SuaraTani.com - Jakarta| Anggota Komisi IV DPR RI Johan Rosihan meminta pemerintah secara terbuka menjelaskan komitmen impor beras 1.000 ton dari Amerika Serikat (AS) dalam perjanjian dagang bilateral.
Ia menegaskan Komisi IV akan mengkaji isu ini secara objektif dengan memprioritaskan perlindungan petani dan ketahanan pangan nasional.
Johan menilai, volume 1.000 ton beras tergolong kecil dibanding produksi nasional. Namun, ia menekankan, perdagangan pangan strategis tetap harus diawasi ketat agar tidak memicu gejolak pasar atau menekan harga gabah petani.
"Kami tidak ingin polemik ini menjadi bias politik.
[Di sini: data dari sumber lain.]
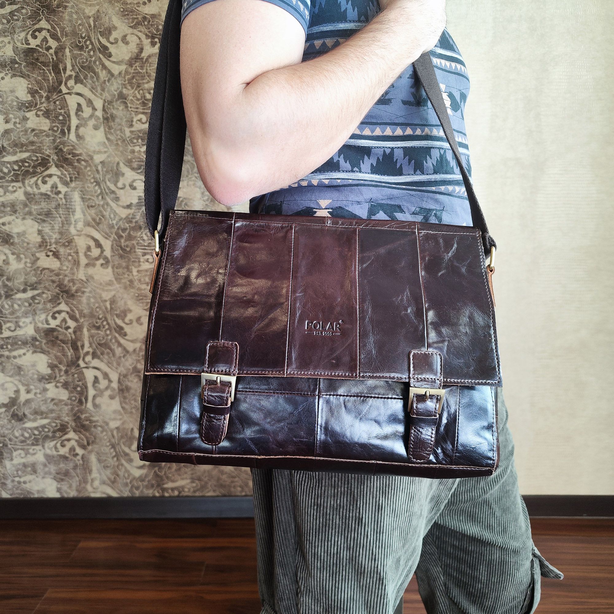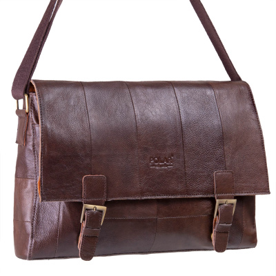 Мужская сумка POLA из натуральной кожи. Три отделения. Застежка на молнию. Внутри: 2 кармана на молнии под документы, карман под телефон и ключи. Отделение под визитные карточки. Снаружи- карман на молнии сзади сумки. Три кармашка спереди сумки. Удобный плечевой ремень, который регулируется по необходимой Вам длине.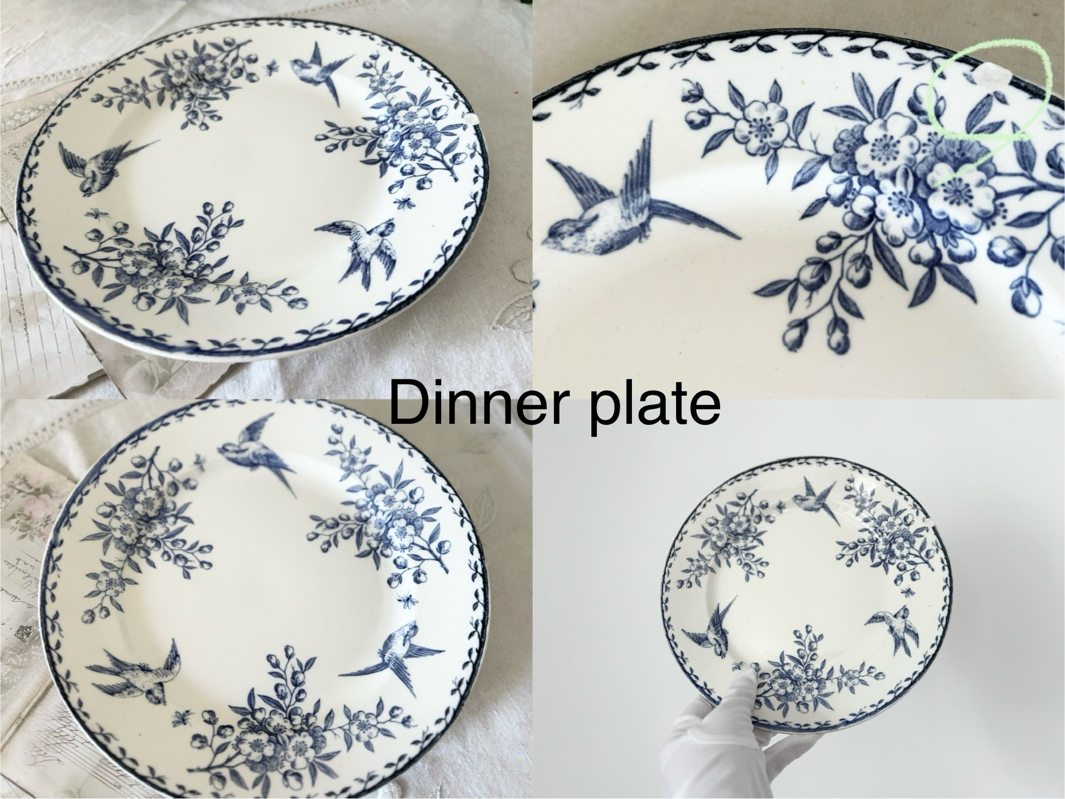 燕と花綱文様があしらわれた、当時のフランス陶器を象徴する
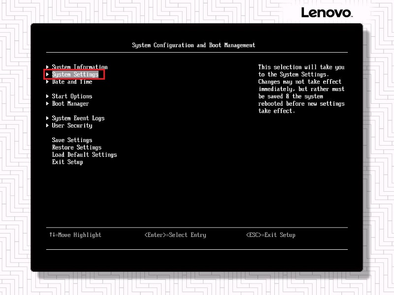 启动服务器,在出现Lenovo System x logo的时候按F1键进入UEFI Setup界面;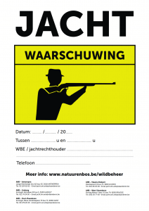 De gele borden zijn de verplicht te plaatsen waarschuwingsborden voor druk- of drijfjachten op grof wild, conform Art. 8 van het Jachtvoorwaardenbesluit van 25 april 2014.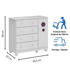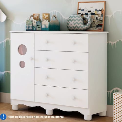 É uma cômoda infantil com 4 gavetas e 1 porta.
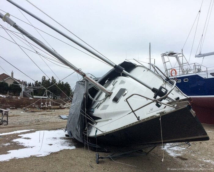 I have warned before about the dangers of winter storage on jackstands with the mast in, particularly in areas like Nova Scotia where the ground heaves due to freeze and thaw cycles. Anyway, the picture above is another sobering reminder.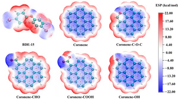 圖5:BDE-15和不同結(jié)構(gòu)活性炭在水溶液中的ESP圖。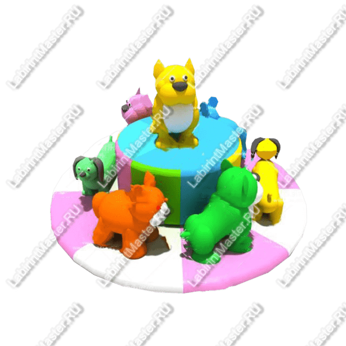 Весь аттракцион состоит в основном из разноцветных собачек. Одна из них возвышается, стоя на самом верху конструкции, выделяясь насыщенно-жёлтым цветом. Остальные пёсики расположены чуть ниже – именно на них дети могут прокатиться. Каждая собачка окрашена в свой уникальный цвет, что делает карусель ещё более привлекательной. Девочкам наверняка понравится розовый бульдог, а мальчики могут прийти в восторг от оранжевого с красными глазами. Такая яркая и жизнерадостная палитра стимулирует интерес у малышей и делает аттракцион визуально эффектным.

Yang terpenting adalah memastikan bahwa kebijakan apa pun tidak mengganggu serapan gabah petani, tidak menekan harga di tingkat produsen, dan tidak merusak momentum produksi dalam negeri," ujar Johan dalam keterangan tertulis, dikutip Jumat (27/2/2026) di Jakarta.
Ia mengatakan, Komisi IV DPR RI akan meminta penjelasan teknis pemerintah dalam forum resmi untuk memastikan komitmen tersebut tidak bertentangan dengan arah penguatan swasembada dan kedaulatan pangan.
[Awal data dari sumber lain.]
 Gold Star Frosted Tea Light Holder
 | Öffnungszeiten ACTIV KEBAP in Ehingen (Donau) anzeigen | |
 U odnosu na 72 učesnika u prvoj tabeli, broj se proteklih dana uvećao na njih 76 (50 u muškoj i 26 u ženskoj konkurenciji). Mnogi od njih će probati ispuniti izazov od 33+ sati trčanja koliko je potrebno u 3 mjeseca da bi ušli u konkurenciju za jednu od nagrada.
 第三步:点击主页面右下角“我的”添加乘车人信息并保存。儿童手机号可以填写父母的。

Johan juga menekankan pengawasan kebijakan pangan harus dilakukan hati-hati dan berbasis data, termasuk menjaga stabilitas harga serta mengoptimalkan peran Bulog dalam penyerapan.
"Ketahanan pangan adalah soal kedaulatan bangsa. Politik boleh berbeda pendapat, tetapi pangan tidak boleh terganggu. Komisi IV akan tetap fokus memastikan produksi nasional kuat dan petani terlindungi," tegas politisi Fraksi PKS ini.
Dikatakan Johan, Komisi IV akan terus mengawal kebijakan pangan agar tetap berpihak pada kepentingan rakyat, sekaligus menjaga stabilitas nasional di tengah dinamika perdagangan global. * (wulandari)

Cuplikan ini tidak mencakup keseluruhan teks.